Email Spoofing Protections
Although email spoofing is a prevalent, persistent threat, there are several ways to protect yourself or your organization from it.
Technical precautions
There are a few technical precautions you can take to prevent email spoofing tools from accessing your system. For example, if you send emails using a subdomain, it can be harder to spoof your email. You would want to use @help.yourcompany.com instead of @yourcompany.com.
You can also have your IT team update your Domain Name System (DNS) by adding a sender policy framework and two mailbox exchange records. These records enable your domain to allow a verified third party to send emails on behalf of your domain. Once set up, the mail server routes the messages from the third party to the custom domain.
1. Use anti-malware software
Anti-malware software can prevent email spoofing by identifying then blocking suspicious websites and detecting spoofing attacks. Once the software has identified a suspicious sender or email, it can stop the email from ever reaching your inbox. Even though spoofed emails cannot be stopped at the source, anti-malware software can work like a force field to protect your system from them.
2. Use email signing certificates to protect outgoing emails
An email signing certificate gives you the ability to encrypt emails so that only the intended recipient can access the content within the message. You can also apply a digital signature so that the person receiving the message can make sure the email was sent by you, as opposed to someone spoofing your email address.
Email encryption certificates use asymmetric encryption, in which a public key encrypts the email and sends it to the recipient. The recipient has a private key for decrypting the message. In this way, both the message and any included attachments can be sent and received securely.
3. Conduct reverse IP lookups to verify the real sender
With a reverse IP lookup, you can tell if the apparent sender is the real one, as well as where the email actually came from. You can use an online reverse lookup tool to identify the domain name associated with the IP address. This is, in effect, an email spoofing test. If the IP address is different from where the email supposedly came from, you have just identified an email spoofing attack.
4. Audit email accounts to see how they respond to SPF and DMARC
enables email senders and receivers to figure out whether a message is from a legitimate sender, as well as how to treat the email if it is not. DMARC, essentially, checks the credentials of an email.
Part of the DMARC process involves the Sender Policy Framework (SPF), which is used to authenticate the message being sent. If the message fails to pass either SPF or SPF alignment, it will fail the DMARC process and be rejected.
DMARC also uses the DomainKeys Identified Mail (DKIM) method for message authentication. If the message being sent does not pass either DKIM or DKIM alignment, it will, similarly, fail DMARC and be rejected.
Other precautions
In addition to software-based anti-spoofing measures, there are other steps you can take to protect your organization from email and domain spoofing attacks. In some cases, you just have to keep an eye out for things that raise suspicion. In other situations, some basic education can be used to empower team members to protect themselves.

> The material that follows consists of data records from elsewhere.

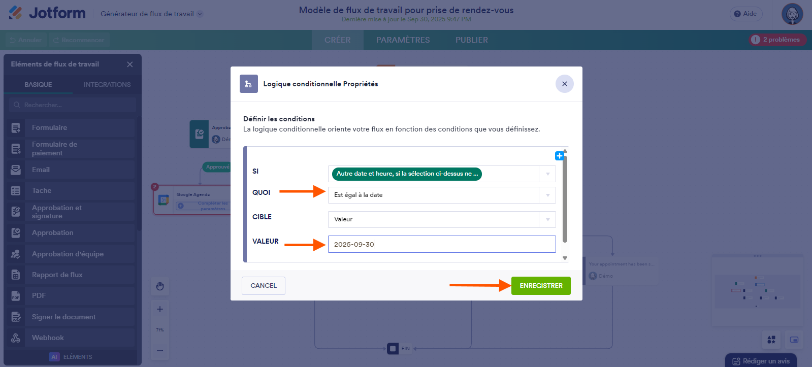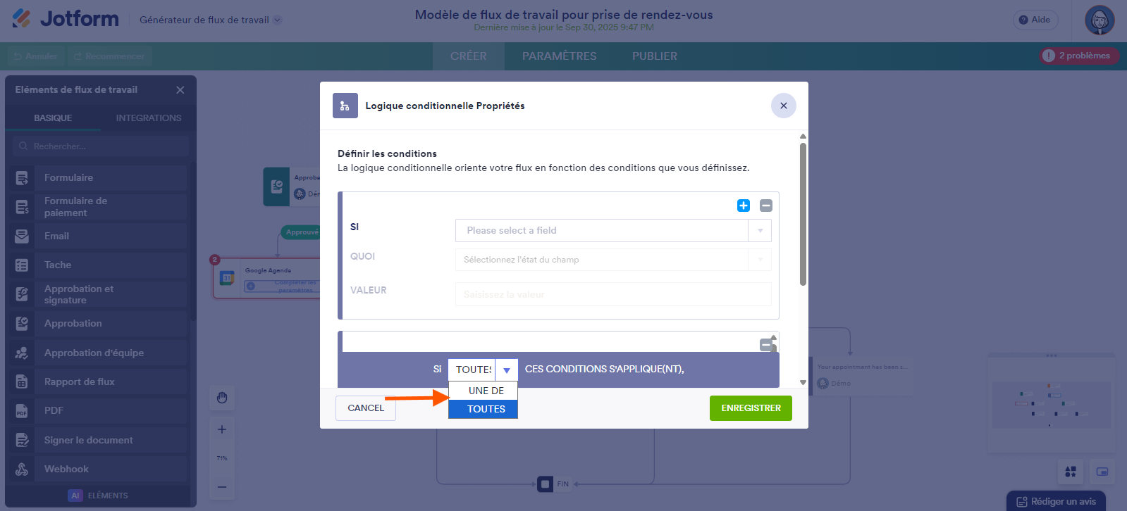 Les modifications apportées à l’élément Logique conditionnelle ne s’enregistrent pas automatiquement. Vous devez cliquer sur le bouton « Enregistrer » à chaque fois pour appliquer vos modifications.
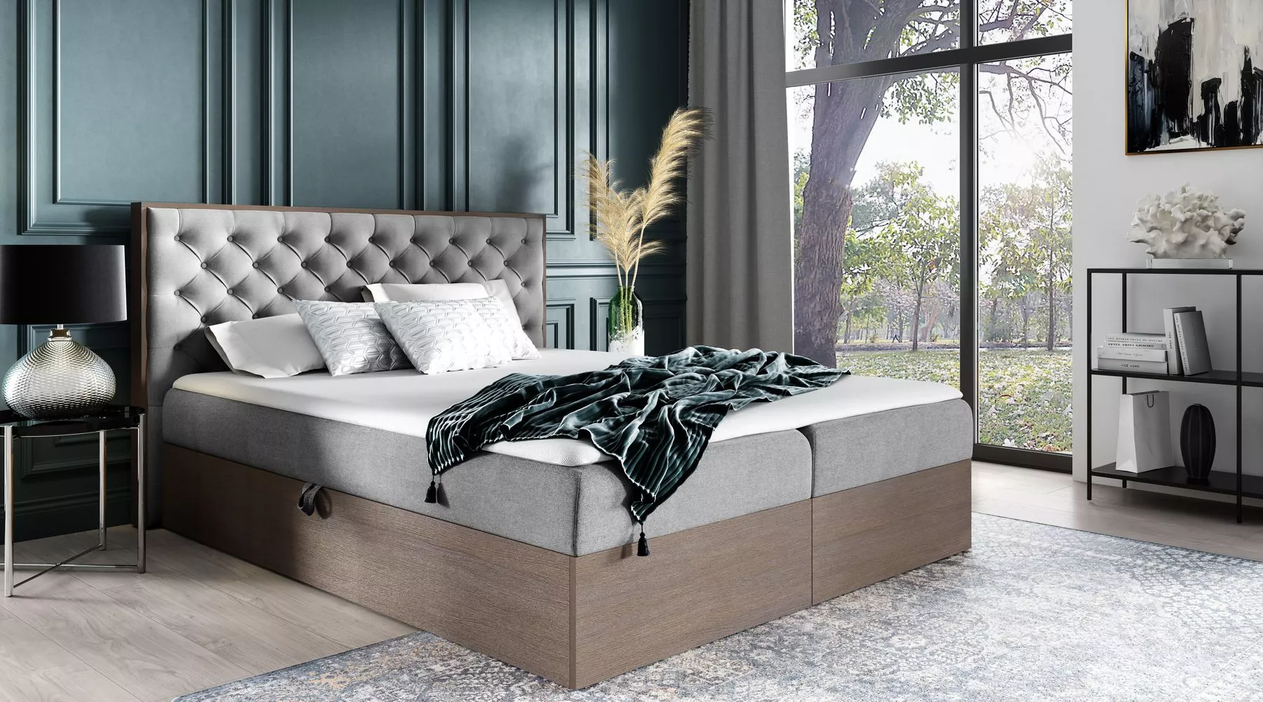Kontinentální postel 140x200 CHANTELLE 3 - tmavý dub / popelavá + topper ZDARMA
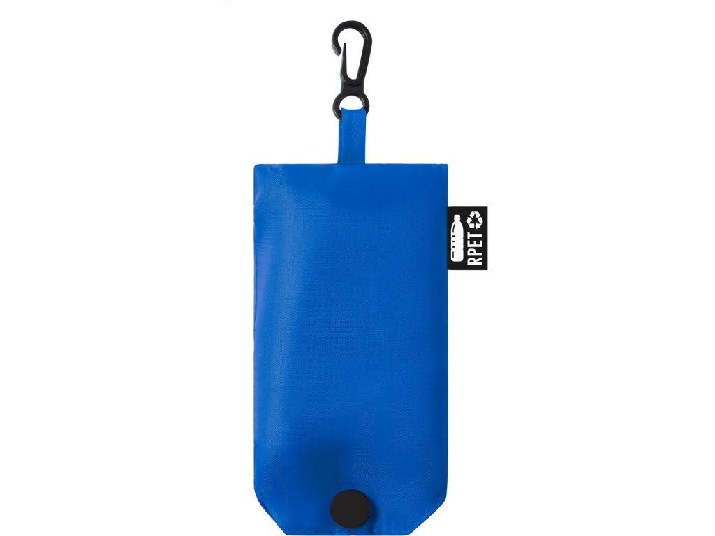 Skládací nákupní taška z RPET polyesteru, s etiketou s označením RPET.
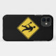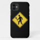 Lacrosseüberfahrt. Stock-tragender Fußgänger des Lacrosse auf klassischem gelbem Überfahrtzeichen. Lacrosse iphone 5 Abdeckung.
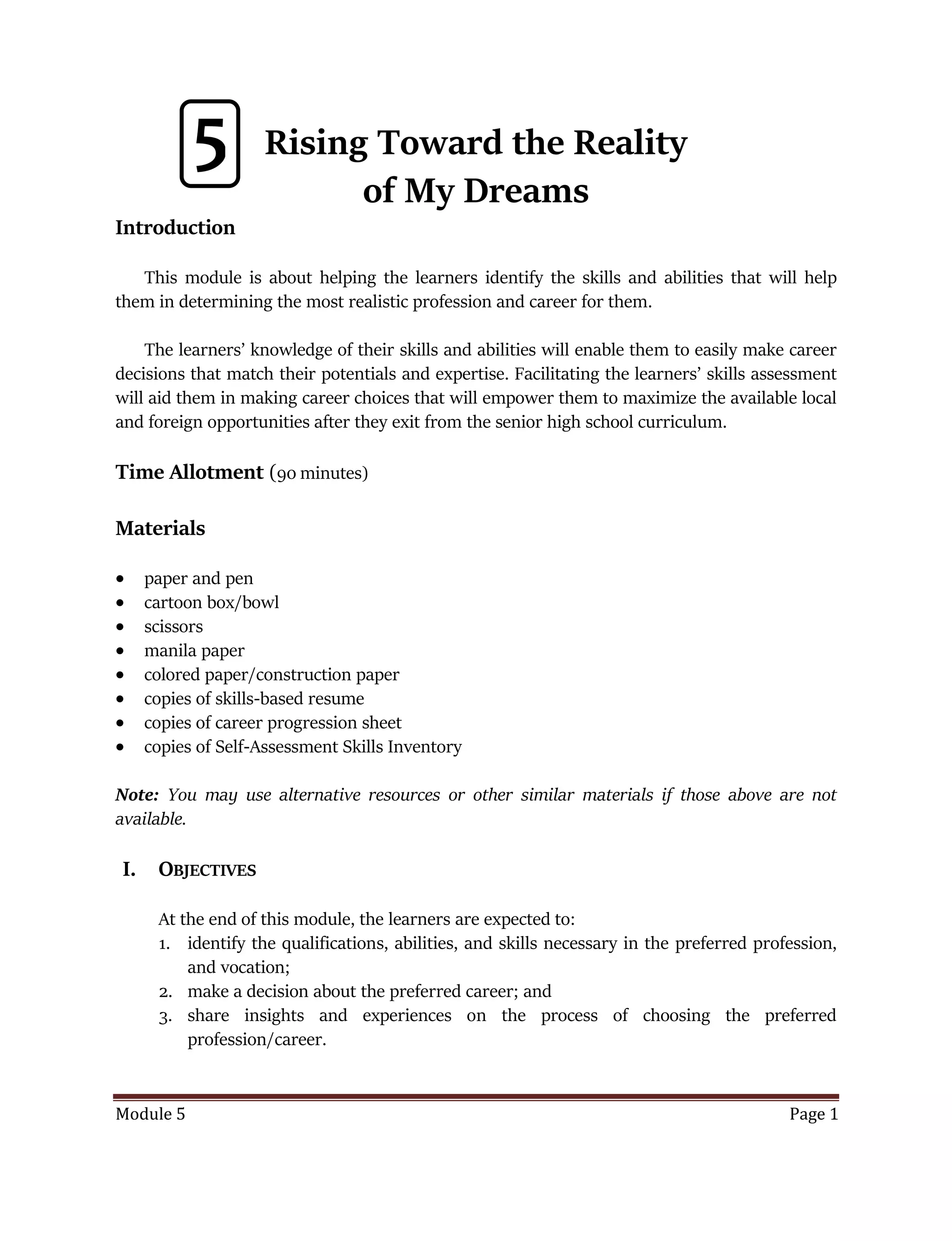 This document outlines a module aimed at helping learners identify their skills and abilities to make informed career choices after high school. It includes activities for self-assessment, group discussions on career qualifications, and guidance on resume writing, emphasizing the importance of both hard and soft skills in achieving career success. Additionally, it incorporates practical exercises like the elevator pitch to prepare students for job interviews and market themselves effectively.
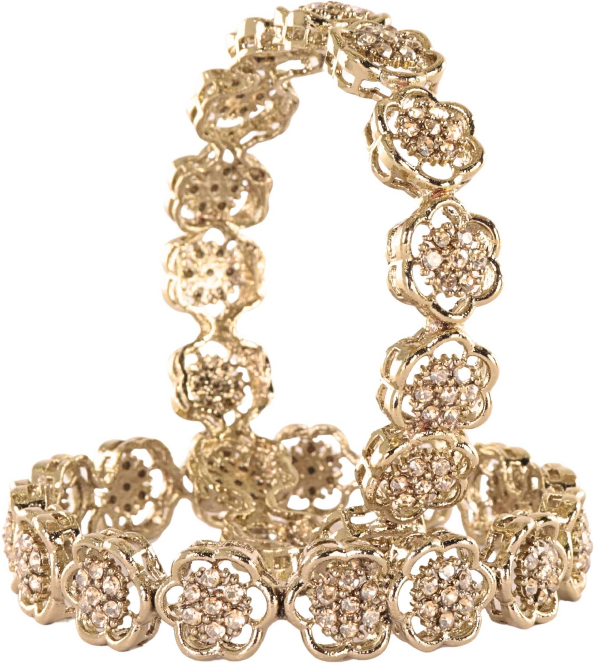 STYOLLO Traditional Stunning Alloy Kada Set For Women & Girls With Zircon Stone & Flower Design
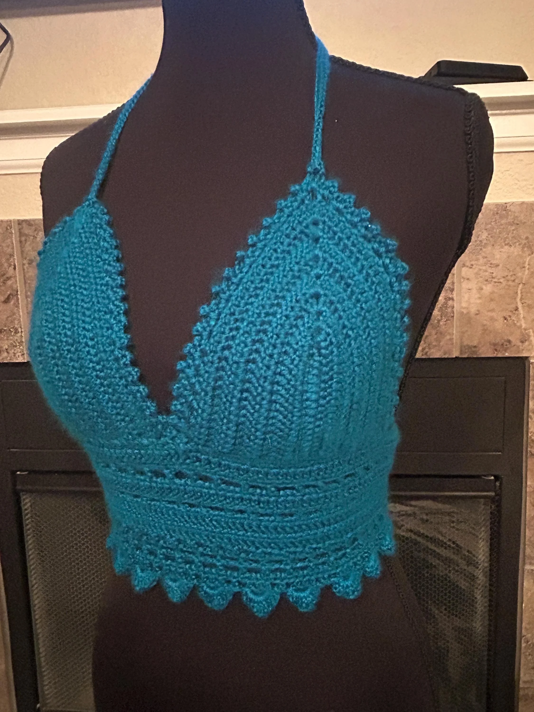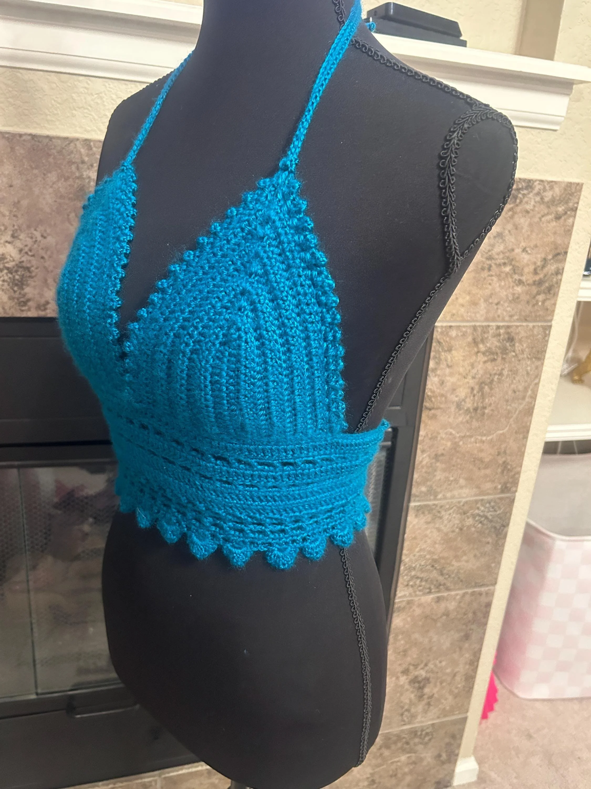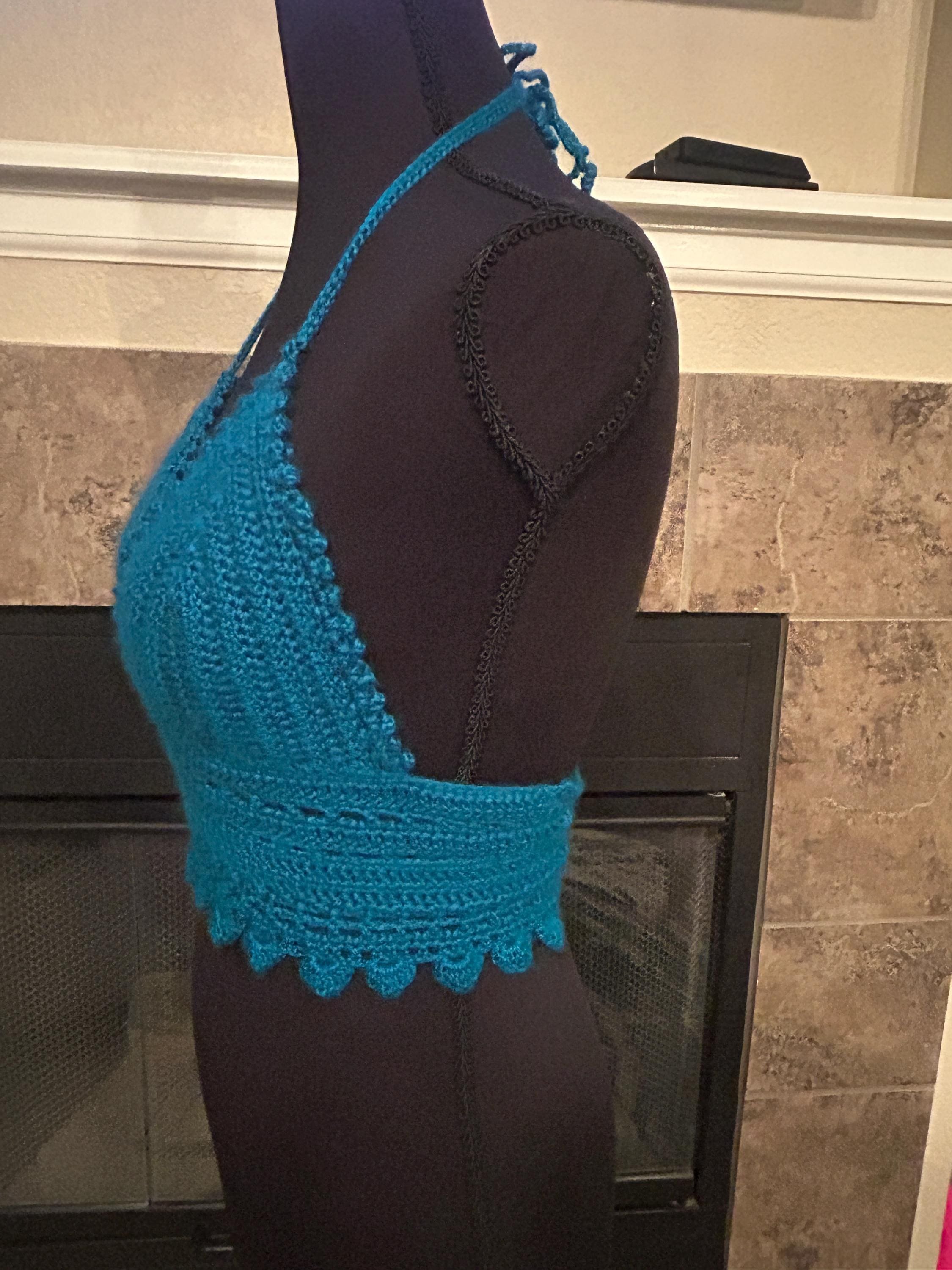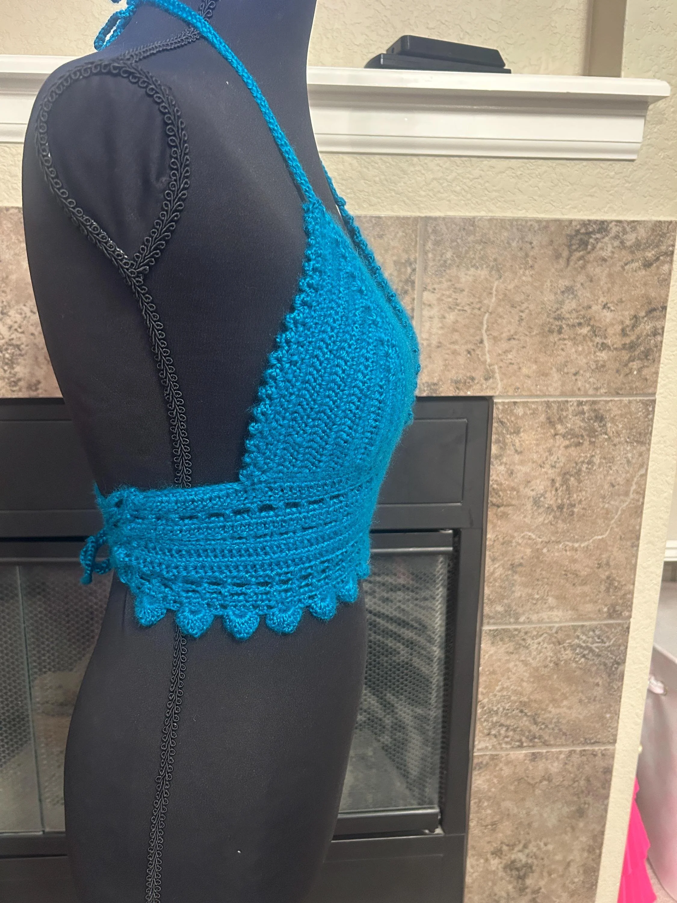 Turquoise Crochet Halter Top - Handmade Boho Festival Bralette

1. Provide cyber awareness training for your employees to help them identify threats
To an unsuspecting employee, a fake email may look legitimate. Often, this is because the employee has never been exposed to email spoofing before. In other cases, although the employee has seen email spoofing in the past, a novel form of spoofing may slip their notice. To combat this, you can initiate educational programs designed to equip employees with the ability to spot and handle modern email spoofing tactics.
To achieve the best results, the training should be ongoing. You can periodically update the training materials and teaching methods to reflect new developments in the email spoofing arena. The training should also include what to do when a spoofing attempt isdiscovered.
Watch for unknown, odd, or spoofed email addresses
Often, the types of email addresses you see in the messages you receive are either predictable or familiar. Watch out for unknown or strange email addresses. If you get an email from an address that raises suspicion, verify its origin before interacting with the content. Once you have identified a spoofed email address, stay on the lookout for them in the future. Attackers will try using the same tactics more than once, which can make previously spoofed addresses easier to pick out.